WHAT THIS STUDY ADDS

  • This study conducted the first clinical trial of MSCs-Exos in patients with AD and demonstrated their safety in humans.

HOW THIS STUDY MIGHT AFFECT RESEARCH, PRACTICE OR POLICY

  • This study provided dose selection for further phase II and phase III clinical trials. MSCs-Exos could provide hope for the treatment of AD if proven effective in multicentred, double-blinded, randomised controlled trials.

Introduction

Alzheimer’s disease (AD), the most common neurodegenerative disease, is the leading cause of dementia and is the fifth leading cause of death in the elderly.1 Although numerous attempts have been made to develop drugs for AD, there are currently no effective treatments for halting or reversing the progress of AD.2 The development of novel clinical available drug pipelines for the treatment of AD is therefore required.

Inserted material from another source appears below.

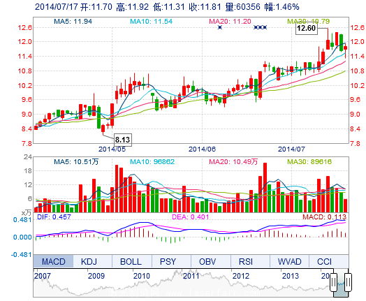 今開: 11.70 成交量: 6.04萬手 振幅: 5.24% 最高: 11.92 成交額: 7053.93萬元 換手率: 3.03% 最低: 11.31 總市值: 23.53億 市凈率: 4.75 昨收: 11.64 流通市...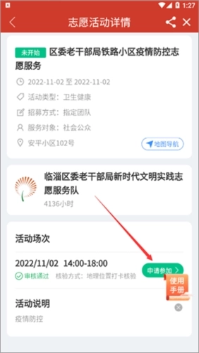 4、选择你想报名参与的志愿活动,即可查看活动类型、招募方式、服务对象及活动说明等信息,若确定参加,点击“申请参加”即可。

In recent years, exosomes have been found to play an important role in AD,3 and may provide a novel diagnostic or therapeutic approach for AD management. Exosomes are extracellular vesicles that are released by diverse cells in rest or stress states and contain enhanced lipids, proteins and nucleic acids. They can be delivered to distant regions via bodily fluids, and taken up by target cells via three pathways: membrane fusion, endocytosis and the ligand receptor-mediated mechanism.4 Mesenchymal stem cells (MSCs)-derived exosomes provide unparalleled advantages over MSCs, including low immunogenicity, bulk synthesis from commercially available cell lines, avoidance of invasive MSCs in collection or differentiation, and simplicity in storage.5

Due to their capacity to reach the brain, exosomes released by MSCs shed new light on developing disease-modifying strategies for AD.6 Previous limited investigations demonstrated that intracerebroventricular injections7 and the systematic injection8 of MSCs-derived exosomes ameliorated cognitive impairment in AD animals. In addition, our team has established the potential of allogenic human adipose-derived MSCs exosomes (ahaMSC-Exos) from healthy volunteers for the intranasal treatment of AD mice. After intranasal administration with a dose of 30 µg ahaMSCs-Exos per mouse, ahaMSCs-Exos can be rapidly transported to various brain regions through the olfactory system involving olfactory sensory neurons. ahaMSCs-Exos in the brain reached a peak at 1 hour after administration and were mainly taken up by neurons. In APP/PS1 mice, ahaMSCs-Exos displayed neuroprotective effects, increased neurogenesis and enhanced spatial memory. ahaMSCs-Exos also appeared to decrease amyloid beta deposition and inhibit microglial activation. Importantly, ahaMSCs-Exos did not induce morphological alterations in key organs, indicating the safety of the intranasal administration.9 Another study demonstrated that an intranasal injection of MSCs-derived exosomes might improve AD by suppressing microglia cell activation and boosting dendritic spine density in triple-transgenic 3xTg mouse models.10 These findings clearly demonstrate the therapeutic potential of MSCs-derived exosomes for AD and call for testing in real clinical settings. Inspiringly, in preclinical settings, MSCs-derived exosomes have been used to treat inflammatory and degenerative disorders, such as lung damage diseases, wound healing, liver diseases, cardiovascular diseases and bone regeneration.11 Moreover, there is growing evidence that MSCs-derived exosomes can be applied for the management of neurological diseases, such as ischaemic stroke,12 neurodegenerative diseases,13 spinal cord injury,14 etc. However, MSCs-derived exosomes have not been clinically investigated in AD despite the disease-modifying effect they have on transgenic mice models.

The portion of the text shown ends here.